Both seizures and AEDs can severely impact the brain, cognitively and developmentally. In children, polytherapy with three or more AEDs should be avoided because the potential damage from the combination of many AEDs could be greater than that caused by the seizures themselves and likely outweighs the benefits of treatment, particularly when the manifestations are not so frequent. A large body of evidence now indicates that the improvements to patient outcome and quality of life do not warrant incurring the increased risks associated with polytherapy, particularly in young children [24]. For childhood focal seizures, first-line monotherapy recommended. Alternative monotherapy includes carbamazepine or valproate, and as coadjuvant therapy [27].

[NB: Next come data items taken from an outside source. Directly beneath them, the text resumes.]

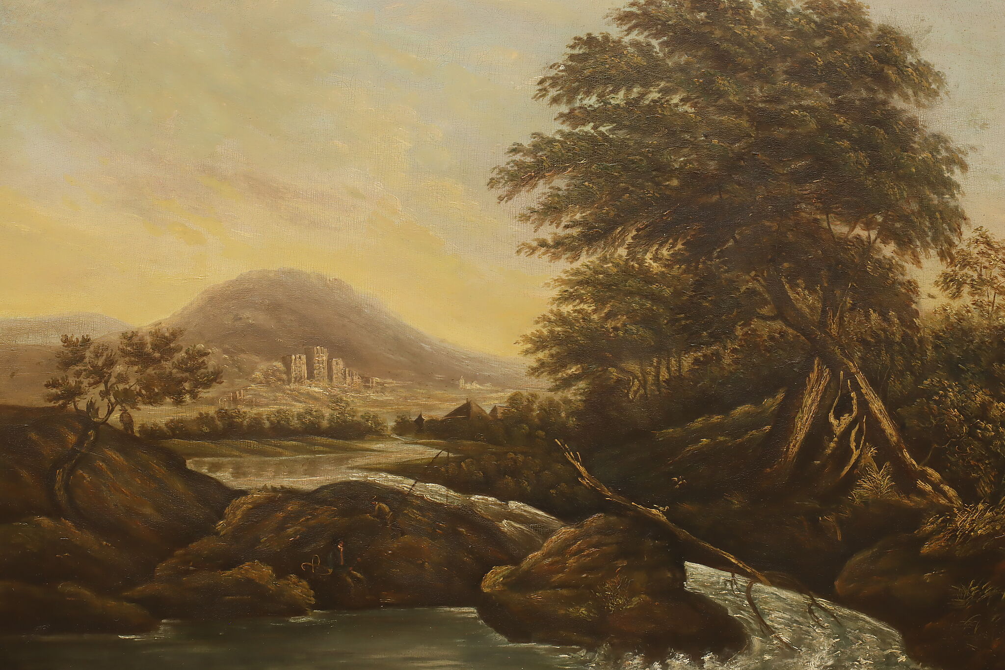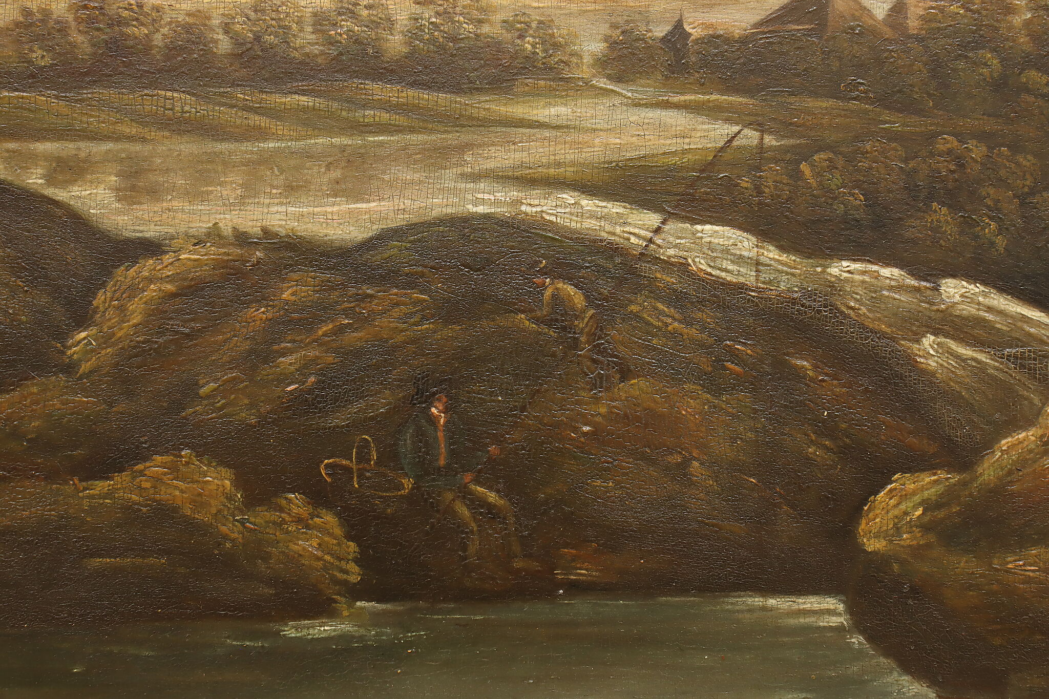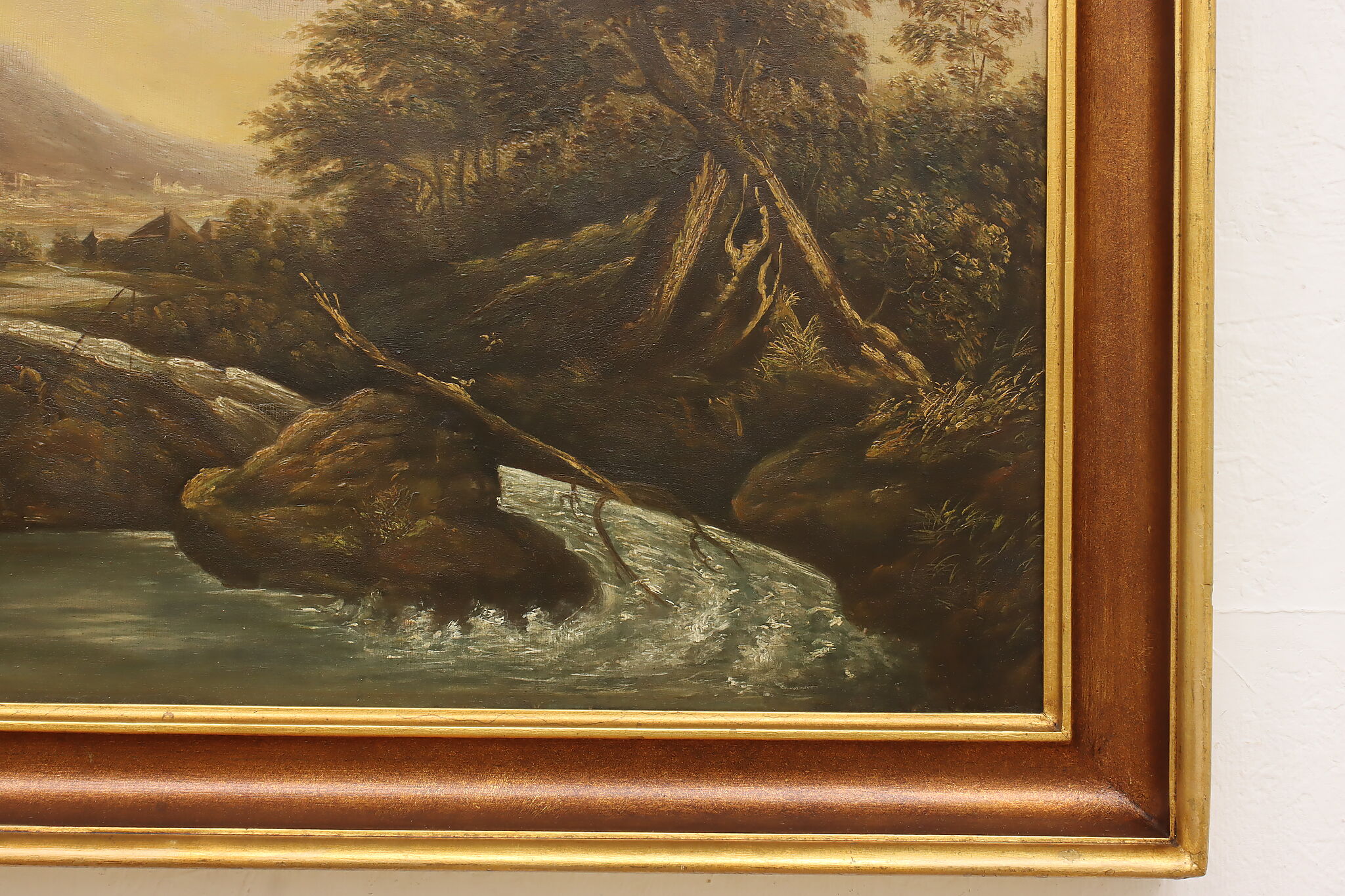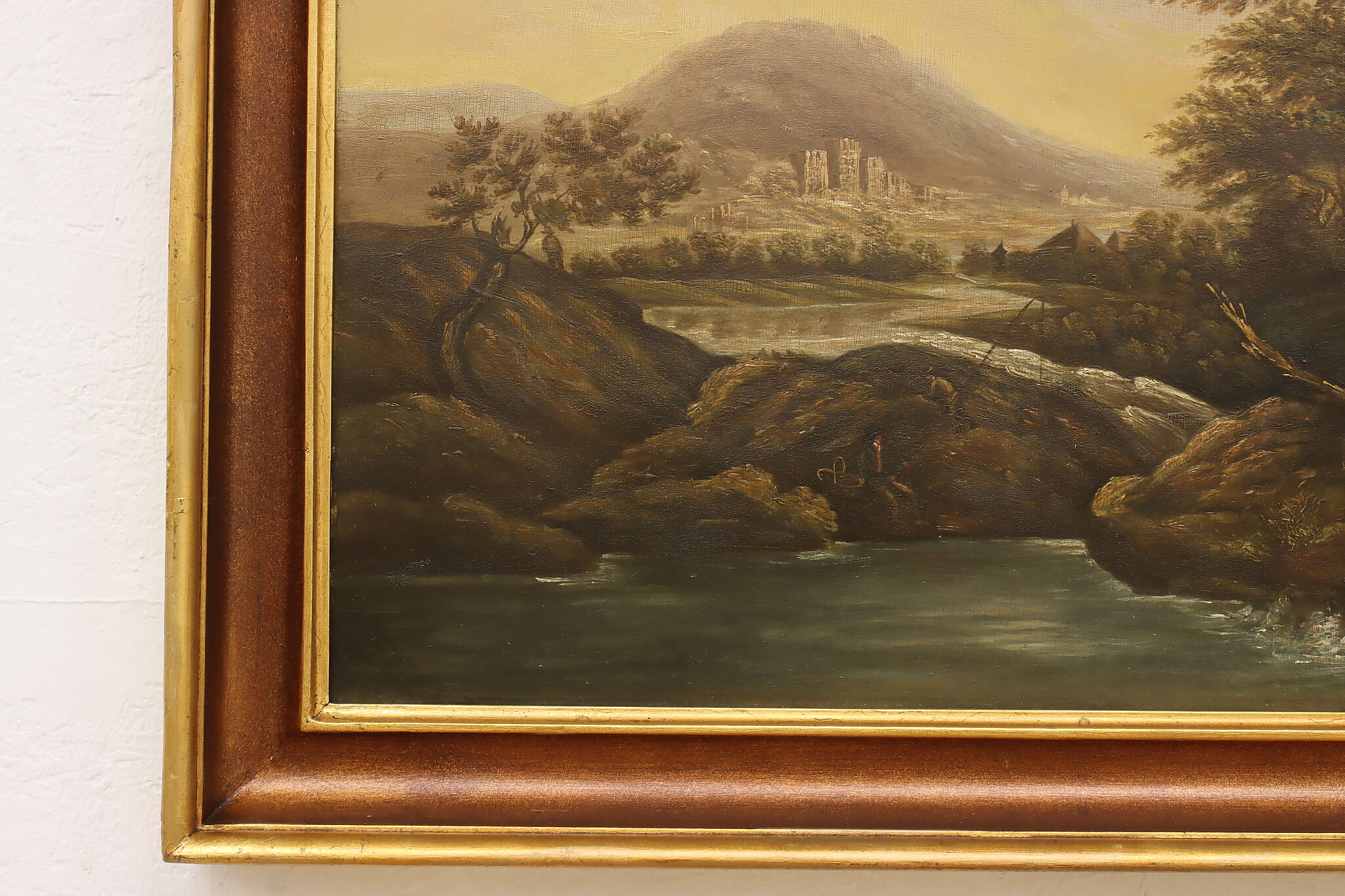 A beautiful landscape painting of the English countryside has two gentleman enjoying their day fishing.
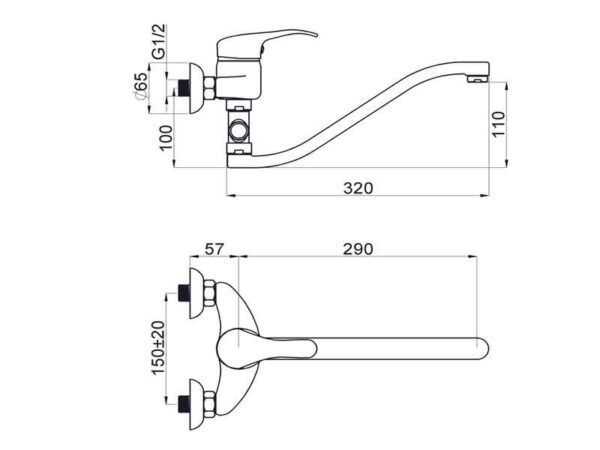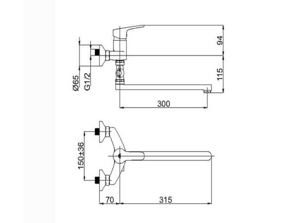 kylpyhuonesekoitin Rubineta P-12/C STAR 30cm juoksuputkella.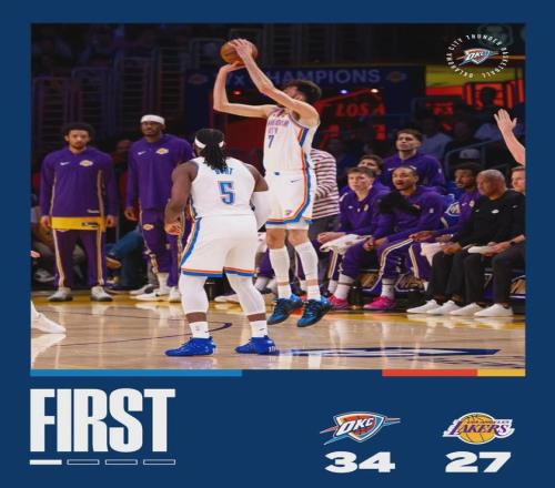 蒂米長期在發(fā)展聯(lián)盟征戰(zhàn),本賽季在南灣湖人場均能砍下23.7分8.5籃板4.8助攻,入選了發(fā)展聯(lián)盟最佳陣容二陣。說回今天的比賽,首節(jié)湖人送出10次助攻,比雷霆還多3次。第一節(jié)后半段,亞歷山大發(fā)力,雷霆領(lǐng)先到5分以上。

3.4.   Autistic spectrum disorders

The etiology of ASD involves complex interactions of immunological, genetic and environmental factors [28]; thus, the use of AEDs is debated and is different case for case. ASD can also be divided into both idiopathic and non-idiopathic (syndromal) forms. Syndromal forms of ASD are characterized by an identified genetic cause and include Prader-Willi Syndrome (PWS), Tuberous-Sclerosis Complex (TSC), Angelman Syndrome and Fragile X syndrome. By studying treatments in established subetaoups of ASD, we will define the therapeutics response before applying it to a larger diversified population [29]. Endocannabinoids and Ketogenic [11],[12],[29] diet began a more conventional therapy in these children, although more study need to be done to specify this matter.